PROBLEM TO WORK ON: Only the pictures are to be left out; write out the rest of the data exactly.

DATASET EXTRACT:
▼
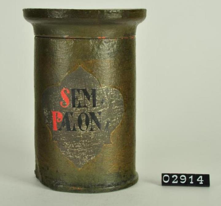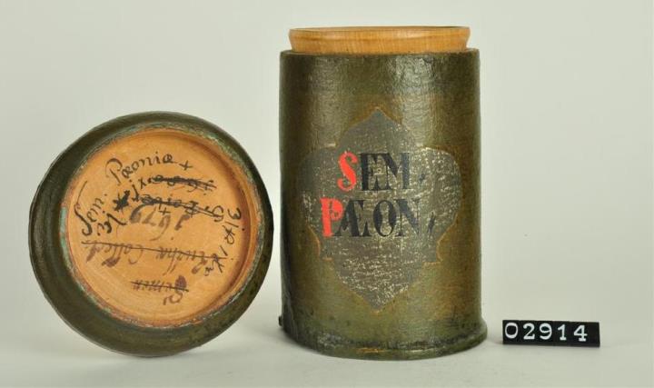 Olivgrüne, zylinderförmige Holzdose (Holzbüchse) mit abgesetztem Standfuß und eingepaßtem, flachem Stülpdeckel mit nach außen gebogenem Profil. Auf der Schauseite ausgespartes, geschwungenes Beschriftungsfeld mit Resten von Silberfarbe. Rot und schwarz signiert. Deckel innen mit der Jahreszahl 1679 und verschiedenen Beschriftungen und Preisangaben.. Enthielt Semen paeoniae = Samen der Pfingstrose.
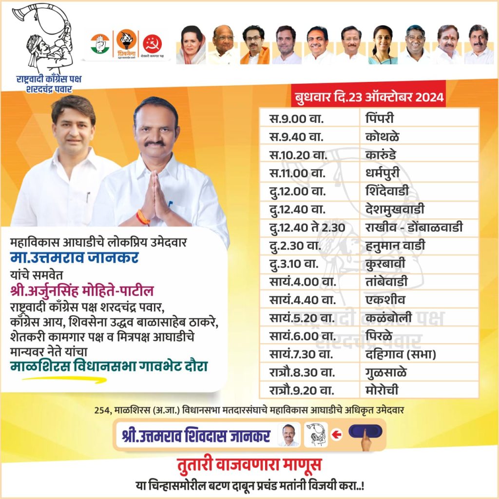 या अनुषंगाने संपूर्ण माळशिरस तालुक्यात उमेदवार उत्तमराव जानकर,युवानेते अर्जुनसिंह मोहिते-पाटील (माजी उपसभापती पंचायत समिती माळशिरस),ज्येष्ठ नेते बाबाराजे देशमुख (माजी उपाध्यक्ष जिल्हा परिषद सोलापूर),संतोष भैय्या राऊत (ता प्र माळशिरस तालुका उबाठा),पै दत्ता मगर (नि मगराचे),साजिदभाई सय्यद,माळशिरस तालुक्यातील महाविकास आघाडीचे सर्वपक्षीय मान्यवर पदाधिकारी यांच्या उपस्थितीत गावभेट दौऱ्याचे आयोजन करण्यात आले असल्याची माहिती हि सुत्रांनी दिली…
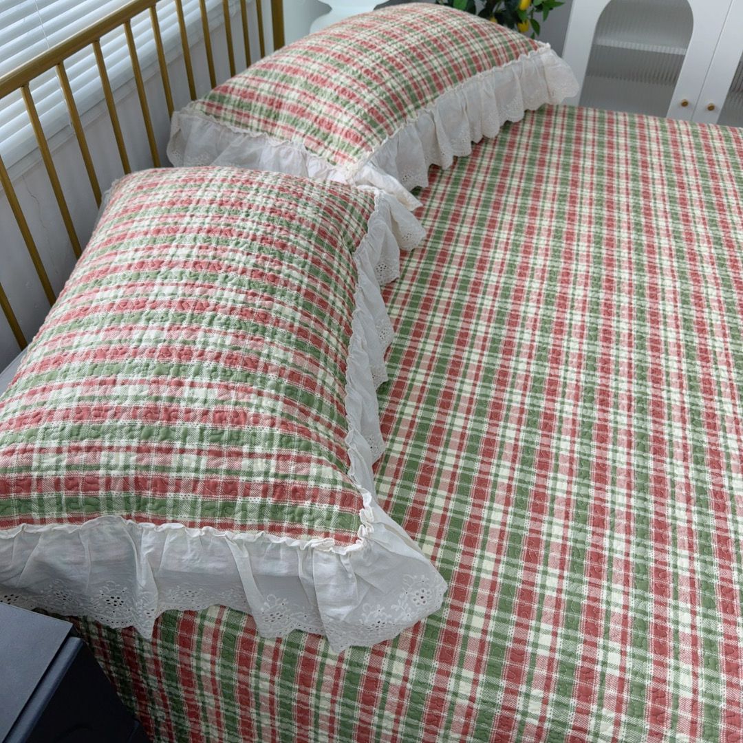 (总)暖居 2026新款色织全棉水洗棉填充棉花高温砂洗床盖四件套,格语绿,简溪,圣诞格,松野,英伦格纹,云曲
▲
WRITTEN ANSWER:
 Olivgrüne, zylinderförmige Holzdose (Holzbüchse) mit abgesetztem Standfuß und eingepaßtem, flachem Stülpdeckel mit nach außen gebogenem Profil. Auf der Schauseite ausgespartes, geschwungenes Beschriftungsfeld mit Resten von Silberfarbe. Rot und schwarz signiert. Deckel innen mit der Jahreszahl 1679 und verschiedenen Beschriftungen und Preisangaben.. Enthielt Semen paeoniae = Samen der Pfingstrose.
 या अनुषंगाने संपूर्ण माळशिरस तालुक्यात उमेदवार उत्तमराव जानकर,युवानेते अर्जुनसिंह मोहिते-पाटील (माजी उपसभापती पंचायत समिती माळशिरस),ज्येष्ठ नेते बाबाराजे देशमुख (माजी उपाध्यक्ष जिल्हा परिषद सोलापूर),संतोष भैय्या राऊत (ता प्र माळशिरस तालुका उबाठा),पै दत्ता मगर (नि मगराचे),साजिदभाई सय्यद,माळशिरस तालुक्यातील महाविकास आघाडीचे सर्वपक्षीय मान्यवर पदाधिकारी यांच्या उपस्थितीत गावभेट दौऱ्याचे आयोजन करण्यात आले असल्याची माहिती हि सुत्रांनी दिली…
 (总)暖居 2026新款色织全棉水洗棉填充棉花高温砂洗床盖四件套,格语绿,简溪,圣诞格,松野,英伦格纹,云曲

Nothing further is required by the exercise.